**DATA SUPPLIED:**
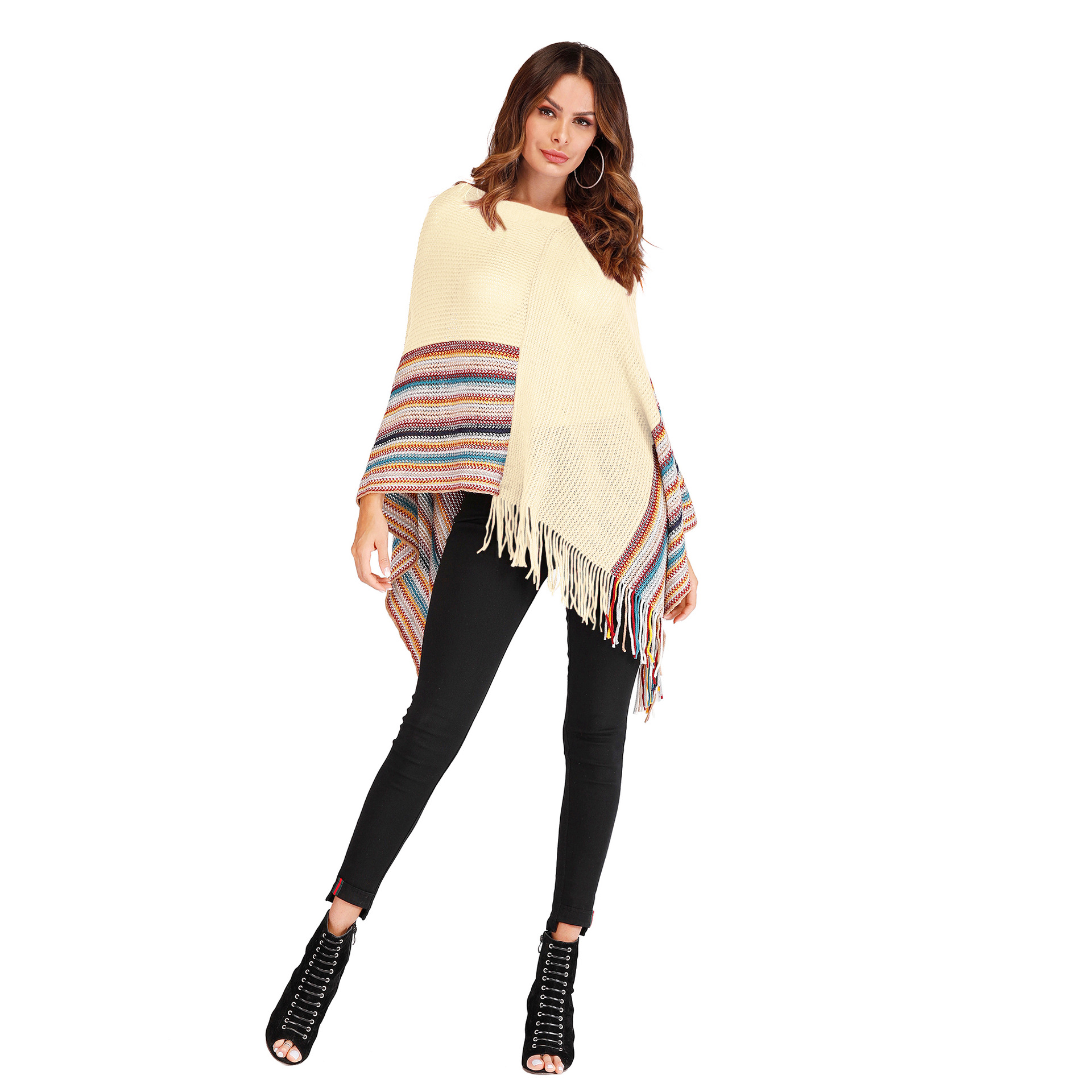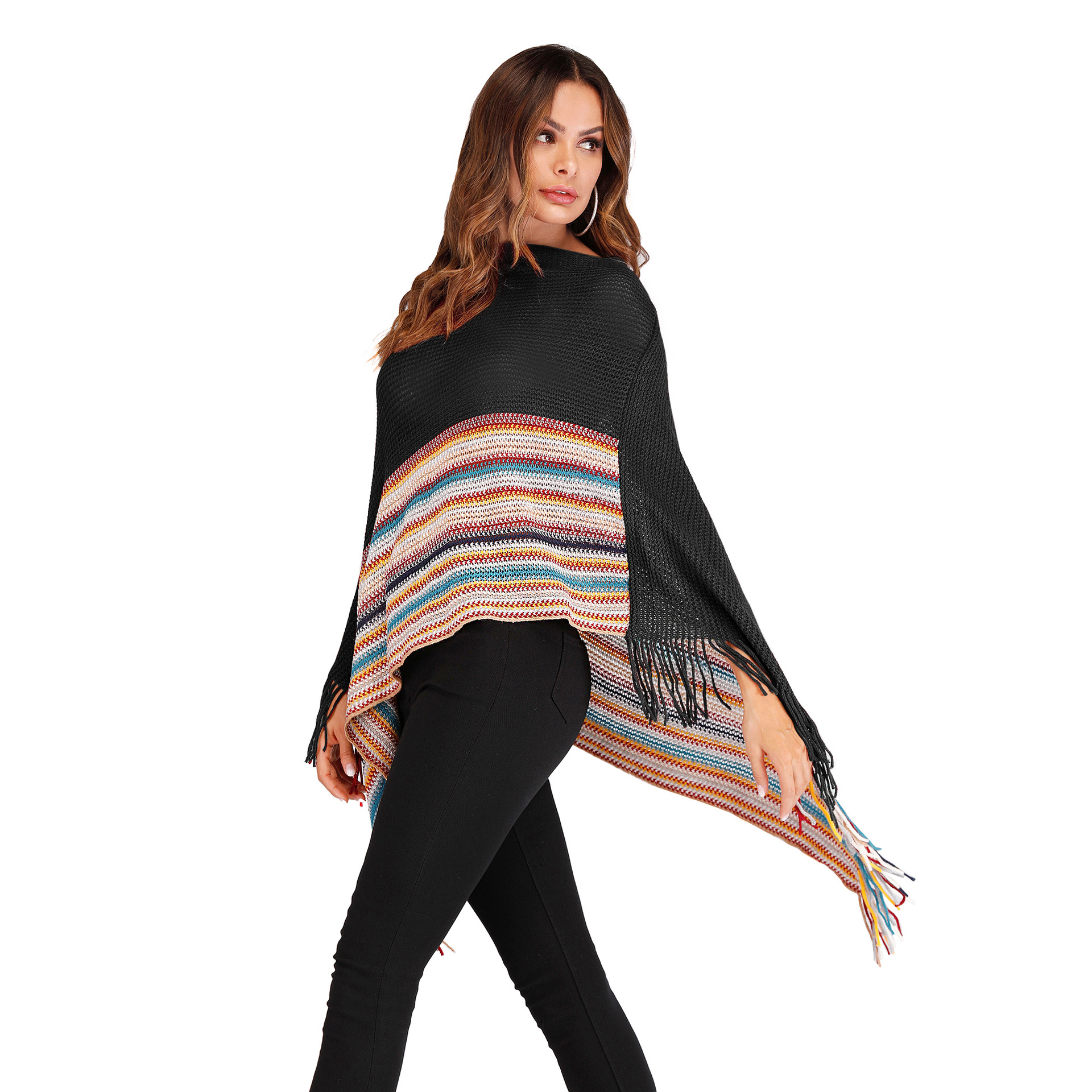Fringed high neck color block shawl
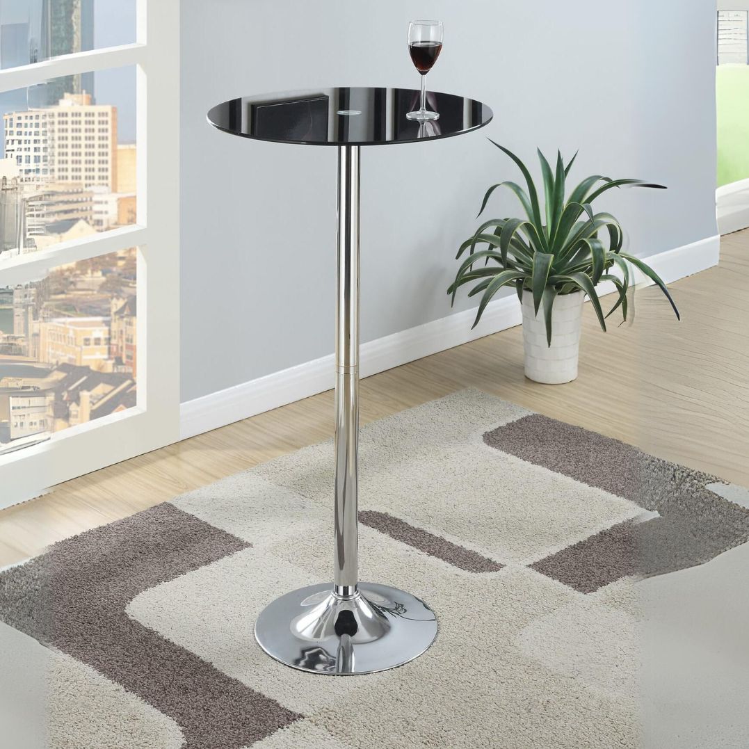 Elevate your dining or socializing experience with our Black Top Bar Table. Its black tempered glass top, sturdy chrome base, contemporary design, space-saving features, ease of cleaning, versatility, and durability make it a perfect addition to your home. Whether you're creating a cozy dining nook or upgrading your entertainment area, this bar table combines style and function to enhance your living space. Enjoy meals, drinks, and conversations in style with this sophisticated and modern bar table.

==

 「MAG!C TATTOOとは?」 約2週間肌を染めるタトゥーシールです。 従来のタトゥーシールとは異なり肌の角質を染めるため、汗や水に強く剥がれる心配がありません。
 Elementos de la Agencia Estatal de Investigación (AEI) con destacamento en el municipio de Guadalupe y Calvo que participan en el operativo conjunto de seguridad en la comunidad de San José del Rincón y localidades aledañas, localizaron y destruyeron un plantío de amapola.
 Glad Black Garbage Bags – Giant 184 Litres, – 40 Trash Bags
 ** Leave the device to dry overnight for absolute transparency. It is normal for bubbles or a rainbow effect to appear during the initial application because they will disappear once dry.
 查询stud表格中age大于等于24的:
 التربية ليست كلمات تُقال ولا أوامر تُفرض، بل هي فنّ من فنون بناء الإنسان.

**EXERCISE INSTRUCTIONS:** Taking the entries above, extract every line from the one bearing "Fringed high neck color block shawl" through the one bearing "Elevate your dining", exactly, with no pictures.

**TASK RESULT:**
Fringed high neck color block shawl
 Elevate your dining or socializing experience with our Black Top Bar Table. Its black tempered glass top, sturdy chrome base, contemporary design, space-saving features, ease of cleaning, versatility, and durability make it a perfect addition to your home. Whether you're creating a cozy dining nook or upgrading your entertainment area, this bar table combines style and function to enhance your living space. Enjoy meals, drinks, and conversations in style with this sophisticated and modern bar table.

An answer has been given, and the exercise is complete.